Но Генрих, наоборот, отомстил ему за это на тайном совете, в котором, кстати, так никаких изменений и не произошло. Король в присутствии своего посла Морнея заявил: он-де больше обязан католикам, чем гугенотам. Если последние ему и служат, то лишь из корысти или религиозного усердия. А католикам от этого нет никакой выгоды, ради его величия они действуют в ущерб своей религии. И столь несправедливо было это сравнение, что даже придворные католики не могли отнестись к нему спокойно. Но Генрих забыл о том, что человека надо беречь и щадить; в присутствии своего посла он закаркал вороном. Дело в том, что ревнителей истинной веры прозвали воронами оттого, что они носят темную одежду, то и дело каркают псалмы и, по слухам, весьма падки на всякую добычу. Когда король дошел до столь явного оскорбления и затем продолжал каркать вполголоса, притаясь в углу, все сделали вид, что не замечают этого, и как раз католики начали громко разговаривать, чтобы заглушить его карканье. Генрих же вскоре исчез.

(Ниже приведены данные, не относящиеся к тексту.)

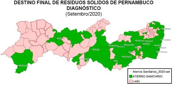 De janeiro a setembro de 2020, 71 das 184 cidades pernambucanas usaram lixões para descartar resíduos sólidos urbanos, o que equivale a 38,6%, segundo um levantamento do Tribunal de Contas do Estado de Pernambuco (TCE-PE). O número de municípios nessas condições é 22,8% menor do que em 2019, quando houve o registro de 92 cidades fazendo o descarte irregular de resíduos.

Выйдя, он заплакал от злости и стыда за свое отношение к добродетели, воплощением которой был гугенот Морней. Отныне Генрих замкнулся, он уже не принимал своего посла наедине, и во всяком случае не в парке «Ла Гаренн» в шесть утра, ибо поднимался теперь только в десять. Но это не мешало ему думать о Филиппе Морнее и сравнивать с остальными придворными чаще всего не к их выгоде. Генрих говорил себе: «Вот д’Обинье — это друг: он торопил меня с побегом из Лувра, и дю Барта — друг: он спас мне жизнь в харчевне, — уже не говоря о д’Эльбефе, которого мне ужасно недостает: он охранял каждый мой шаг. Но кто они? Воины, и храбрость для них — дело естественное, никто ею не хвастается, и она даже краешком не соприкасается с добродетелью. Если взять любого из моих приближенных, хотя бы самого умного из членов совета, что от них останется при сравнении с Морнеем? Все они привержены каким-либо порокам, иные даже прегадким». Но Генрих тем охотнее извинял их. Дружба и власть короля способны многое зачеркнуть. Однако ни один не обладал знанием, высоким и глубокомысленным знанием великого гугенота. А отсутствие знаний возместить невозможно.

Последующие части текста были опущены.